TASK DETAILS
Only those lines running from the start of the listing below through the line that holds "- A vibrant" are to be written out, exactly and in full.
▼
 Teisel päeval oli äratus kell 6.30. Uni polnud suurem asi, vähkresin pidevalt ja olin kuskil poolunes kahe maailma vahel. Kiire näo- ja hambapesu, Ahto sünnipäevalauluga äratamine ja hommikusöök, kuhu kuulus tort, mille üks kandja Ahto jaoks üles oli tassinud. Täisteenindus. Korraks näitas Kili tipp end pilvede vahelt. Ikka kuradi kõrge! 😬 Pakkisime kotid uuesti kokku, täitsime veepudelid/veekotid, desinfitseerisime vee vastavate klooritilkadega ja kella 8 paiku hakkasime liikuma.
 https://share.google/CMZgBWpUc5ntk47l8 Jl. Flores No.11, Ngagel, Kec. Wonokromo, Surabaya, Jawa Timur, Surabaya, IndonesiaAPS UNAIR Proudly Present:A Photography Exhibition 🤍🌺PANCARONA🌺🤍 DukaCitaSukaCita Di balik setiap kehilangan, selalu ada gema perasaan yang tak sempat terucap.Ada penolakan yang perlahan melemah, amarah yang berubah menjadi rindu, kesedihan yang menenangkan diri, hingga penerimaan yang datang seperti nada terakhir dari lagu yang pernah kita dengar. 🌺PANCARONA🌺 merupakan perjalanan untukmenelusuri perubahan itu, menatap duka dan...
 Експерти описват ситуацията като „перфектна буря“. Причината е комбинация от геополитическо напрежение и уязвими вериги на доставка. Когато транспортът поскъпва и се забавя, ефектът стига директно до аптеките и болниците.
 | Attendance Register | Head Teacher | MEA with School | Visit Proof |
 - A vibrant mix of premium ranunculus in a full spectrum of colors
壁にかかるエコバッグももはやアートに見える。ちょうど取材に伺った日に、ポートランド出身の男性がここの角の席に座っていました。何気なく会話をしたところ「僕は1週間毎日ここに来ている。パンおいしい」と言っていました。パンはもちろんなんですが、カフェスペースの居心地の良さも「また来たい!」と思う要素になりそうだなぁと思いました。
▲
ANSWER SPACE
 Teisel päeval oli äratus kell 6.30. Uni polnud suurem asi, vähkresin pidevalt ja olin kuskil poolunes kahe maailma vahel. Kiire näo- ja hambapesu, Ahto sünnipäevalauluga äratamine ja hommikusöök, kuhu kuulus tort, mille üks kandja Ahto jaoks üles oli tassinud. Täisteenindus. Korraks näitas Kili tipp end pilvede vahelt. Ikka kuradi kõrge! 😬 Pakkisime kotid uuesti kokku, täitsime veepudelid/veekotid, desinfitseerisime vee vastavate klooritilkadega ja kella 8 paiku hakkasime liikuma.
 https://share.google/CMZgBWpUc5ntk47l8 Jl. Flores No.11, Ngagel, Kec. Wonokromo, Surabaya, Jawa Timur, Surabaya, IndonesiaAPS UNAIR Proudly Present:A Photography Exhibition 🤍🌺PANCARONA🌺🤍 DukaCitaSukaCita Di balik setiap kehilangan, selalu ada gema perasaan yang tak sempat terucap.Ada penolakan yang perlahan melemah, amarah yang berubah menjadi rindu, kesedihan yang menenangkan diri, hingga penerimaan yang datang seperti nada terakhir dari lagu yang pernah kita dengar. 🌺PANCARONA🌺 merupakan perjalanan untukmenelusuri perubahan itu, menatap duka dan...
 Експерти описват ситуацията като „перфектна буря“. Причината е комбинация от геополитическо напрежение и уязвими вериги на доставка. Когато транспортът поскъпва и се забавя, ефектът стига директно до аптеките и болниците.
 | Attendance Register | Head Teacher | MEA with School | Visit Proof |
 - A vibrant mix of premium ranunculus in a full spectrum of colors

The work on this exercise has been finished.